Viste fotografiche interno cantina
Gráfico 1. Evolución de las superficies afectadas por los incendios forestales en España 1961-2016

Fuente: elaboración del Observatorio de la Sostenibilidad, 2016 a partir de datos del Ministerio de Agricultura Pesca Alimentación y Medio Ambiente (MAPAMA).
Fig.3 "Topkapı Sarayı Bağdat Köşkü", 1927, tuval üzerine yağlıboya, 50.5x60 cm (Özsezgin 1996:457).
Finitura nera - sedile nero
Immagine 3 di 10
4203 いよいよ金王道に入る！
---
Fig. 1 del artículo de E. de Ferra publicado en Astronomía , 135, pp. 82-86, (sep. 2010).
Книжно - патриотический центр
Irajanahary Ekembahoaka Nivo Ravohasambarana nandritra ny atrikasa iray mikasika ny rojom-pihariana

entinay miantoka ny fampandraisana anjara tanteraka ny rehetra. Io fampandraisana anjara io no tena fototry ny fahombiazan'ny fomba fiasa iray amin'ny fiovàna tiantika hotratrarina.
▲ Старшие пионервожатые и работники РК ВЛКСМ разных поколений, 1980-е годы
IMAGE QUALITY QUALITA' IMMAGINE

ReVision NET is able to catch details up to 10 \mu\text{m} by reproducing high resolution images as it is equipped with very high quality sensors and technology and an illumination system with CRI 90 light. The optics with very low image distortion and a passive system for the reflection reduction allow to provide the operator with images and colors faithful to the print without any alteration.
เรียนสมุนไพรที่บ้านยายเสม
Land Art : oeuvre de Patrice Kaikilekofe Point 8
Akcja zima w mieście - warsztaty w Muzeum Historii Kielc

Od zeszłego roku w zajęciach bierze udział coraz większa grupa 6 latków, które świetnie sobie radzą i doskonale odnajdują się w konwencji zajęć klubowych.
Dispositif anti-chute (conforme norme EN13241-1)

(PROBLEM STATEMENT): Write out exactly the lines above from the line with "Книжно - патриотический центр" through the line with "entinay miantoka ny", both of them included, and leave out all other lines.

(SOLUTION FOR THIS EXERCISE):
Книжно - патриотический центр
Irajanahary Ekembahoaka Nivo Ravohasambarana nandritra ny atrikasa iray mikasika ny rojom-pihariana

entinay miantoka ny fampandraisana anjara tanteraka ny rehetra. Io fampandraisana anjara io no tena fototry ny fahombiazan'ny fomba fiasa iray amin'ny fiovàna tiantika hotratrarina.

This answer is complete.